Confession: I, um, kind of hate baby showers. I've thought a lot about why, and I think it stems from what feels like a lack of acknowledgement about what it's really like to have a new baby. Onesies and tiny shoes are so cute, I know! But those only get you so far when you're bleeding, exhausted (and I mean exhausted), hungry, hormonal, and have just gone through the most powerful physical and existential shift you likely ever will. So here I suggest baby shower gifts that acknowledge and celebrate the transformation of mother and family after a new baby is born.
1. Postpartum Survival Kit
What you include in this will depend on your closeness with the recipient, and whether they plan to breast feed or not. Here are a few physical items that might make their first few weeks a little easier, and that they might not have thought to stock up on themselves: nipple cream and reusable breast pads, nursing tea, menstrual pads, water bottle and Emergen-c, non-perishable snacks, Tucks pads, stool softener, books or movies... and you can hide affirmations in her box of pads so she gets a little boost when she needs it most. ("You're a perfect mother for your baby." "Your baby is so lucky to have you." "You are enough.")
2. Luxurious Loungewear
OK, so this category certainly doesn't cover "essentials" the way that others do, but how nice would it be to get something that would make you feel beautiful and comfortable while you snuggle your new baby? Soft pants, drapy cardigans, cozy robes; there are many alternatives to traditional maternity or postpartum clothing that can be such a treat.
3. Food. FOOD.
Food, glorious food. Postpartum, nursing me was the hungriest version of me I've ever known. I thought about food all the time, and I almost always craved something warm, savory, and homemade. But, of course, my husband and I rarely had the time, or head space, to plan and execute such a meal. I was forever grateful for the friends and family who delivered meals to us during that time. Here are some ways you can feed the person you love:
- Create and manage a meal train for them! Have meals delivered 4 times a week instead of everyday to eliminate food waste, find out if there are any dietary restrictions, and coordinate with the new family to figure out the best time and place for a drop off.

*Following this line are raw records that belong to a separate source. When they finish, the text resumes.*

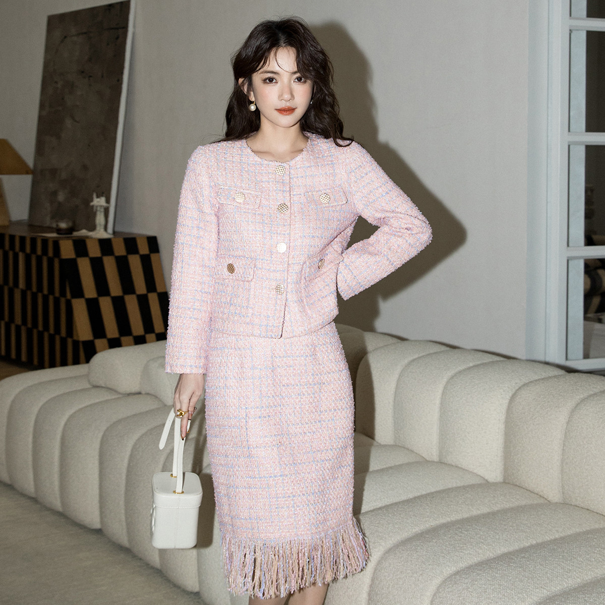 2504 肌理感套裙 bling粉色小香风外套女重工千金风气质短款 西装
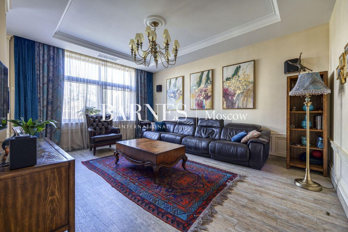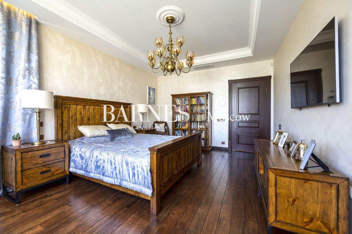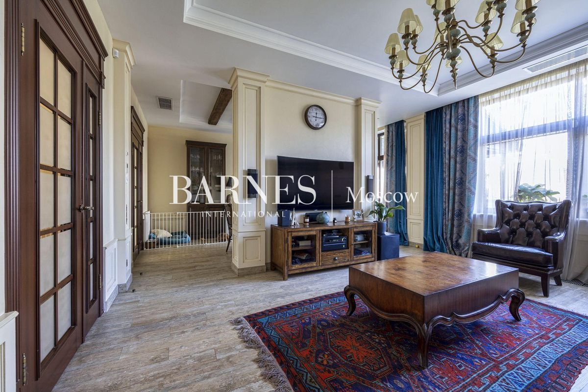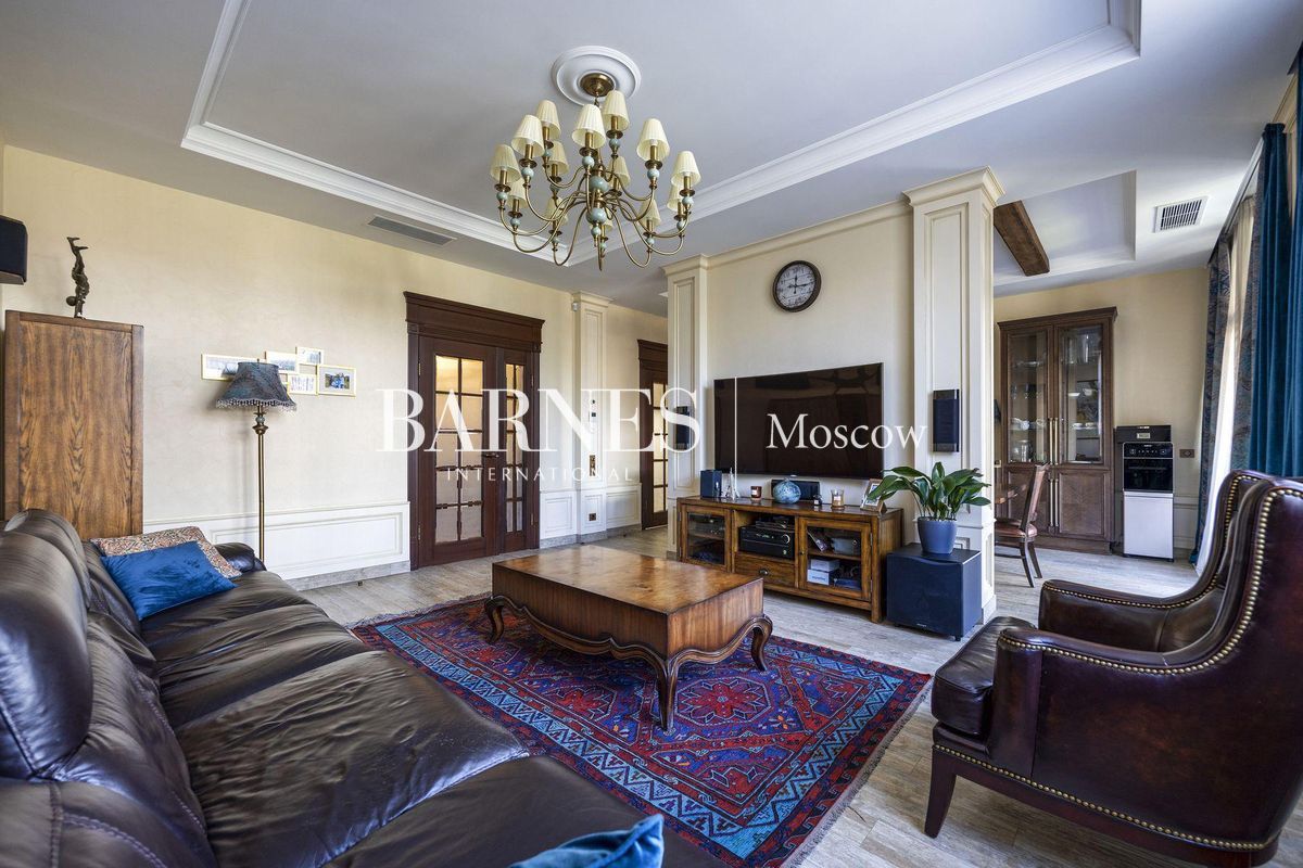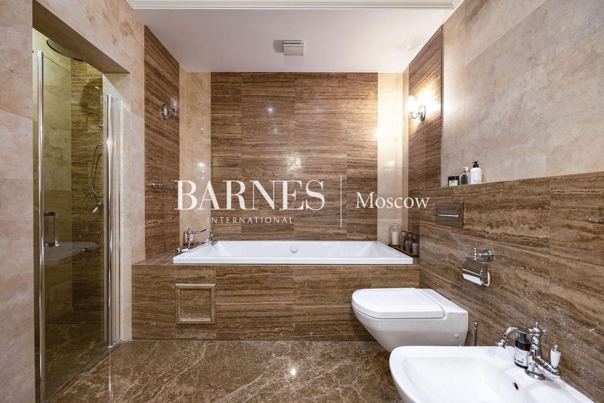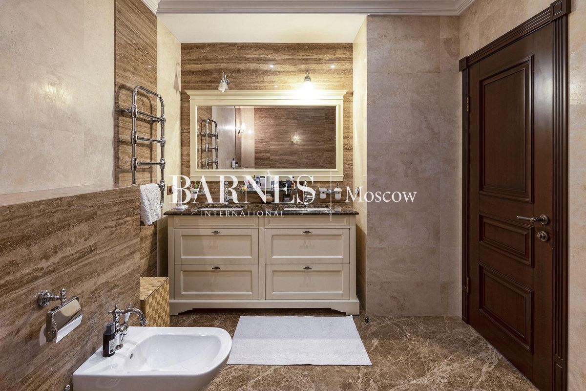 В отделке использованы натуральные породы мрамора и натуральные породы дерева, керамогранит (Италия), травертин.Вся корпусная мебель изготовлена по индивидуальному заказу, сантехника итальянского производства. Бытовая техникапремиального бренда Miele, а также техника европейских производителей (Германия и Италия).Установлена индивидуальная система приточно-вытяжной вентиляции и кондиционирования Daikin. Сделан водянойтеплый пол, шумоизоляция, сигнализация, единый wi-fi. В гостиной установлен домашний кинотеатр.
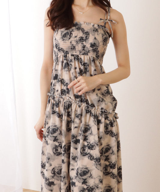ウエスト ギャザー シャーリング 花柄 マキシ ワンピース
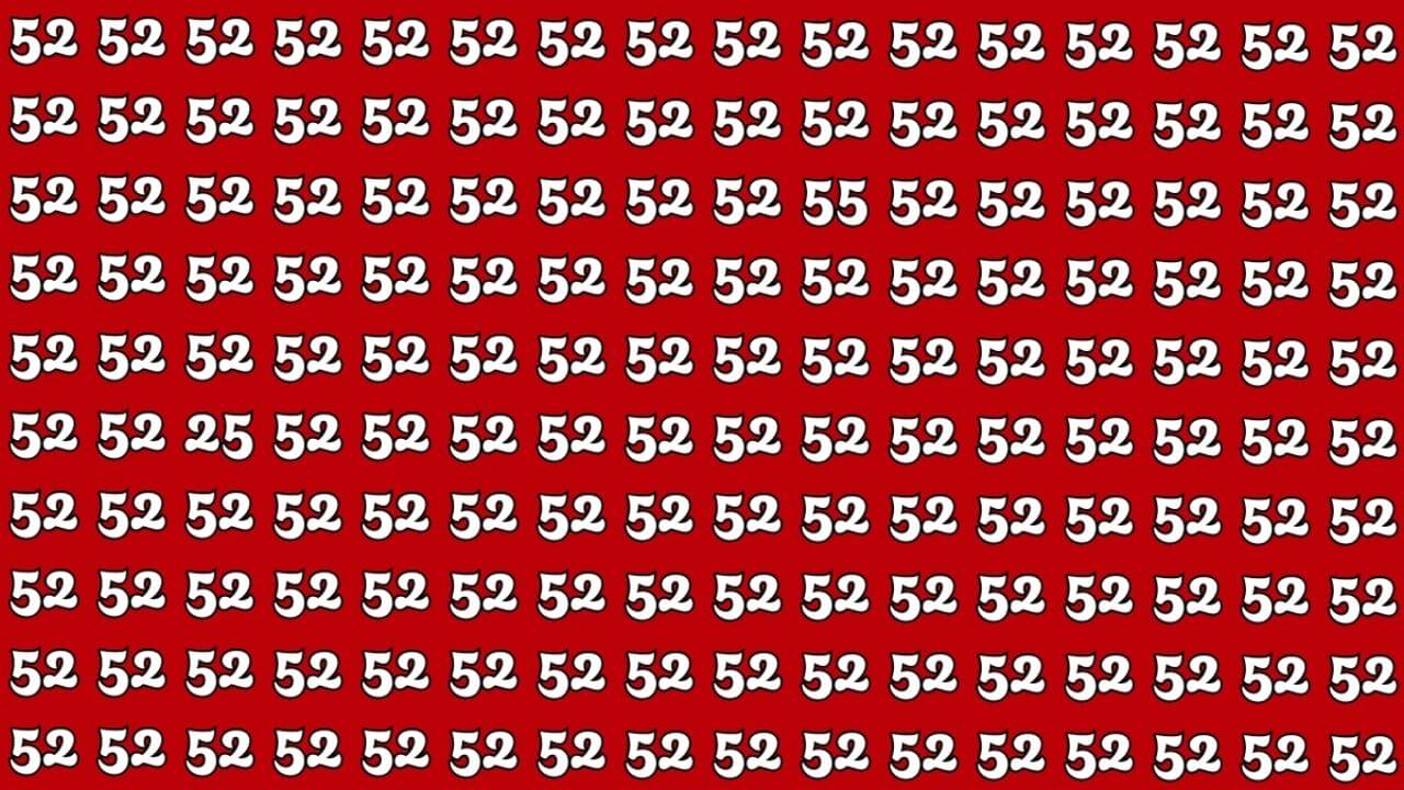 इस वायरल ऑप्टिकल इल्यूजन में पूरे इमेज को 52 से भरा गया है। लेकिन इसमें कहीं ना कहीं 25 और 55 भी छुपे हैं। इन्हें पहचानने के लिए आपको अपनी नजरों को स्क्रीन पर स्कैन करना होगा। टिप ये है कि पूरे इमेज को एक बार में देखने की बजाय सेक्शन वाइज देखें, जैसे ऊपर की लाइन, फिर बीच और आखिर में नीचे। कई यूज़र्स ने माना कि वो दोनों नंबर सिर्फ 5-6 सेकंड में ढूंढ पाए, वहीं कुछ को 20 सेकंड भी लगे।

- Give gift cards for local restaurants that do take out or delivery. Or, if they live in a rural area like me, to a grocery store where they can get pre-made food to go.
- If you do live nearby and want to bring a meal or two, avoid saying, "I'd love to bring you a meal, let me know when you want one!" Instead say, "I am going to drop dinner off on Wednesday. Does that work?" It's much easier to accept a gift when it doesn't feel like a choice!
4. Household Essentials
This gift would be... bold and awesome. Here's what I'm picturing: toothpaste, tooth brushes, shampoo, toilet paper, soap, dish soap, paper towels, the list could go on! The category really being: things-they-might-run-out-of-and-replacing-them-will-feel-like-an-insurmountable-obstacle-to-deal-with-in-the-moment.
5. Extra Help
"It takes a village..." We hear this all the time, but so often new families are utterly alone in the world after their baby is born. Extended family lives far away, local friends have their own lives to attend to, and partners, and often even new mothers, need to return to work shortly after the baby is born. This is a societal problem that needs to be addressed, but until major changes in our family leave policies are enacted, we're stuck with what we've got. A wonderful gift would be to hire a housekeeper, a postpartum doula, a dog-walker, a babysitter or mother's helper for older children, someone to shovel or rake the yard, or anyone else you can pay to do any of the tasks it takes to run a household (and a life) that become nearly impossible when you have a new baby.
I'd love to hear your ideas for unconventional shower gifts!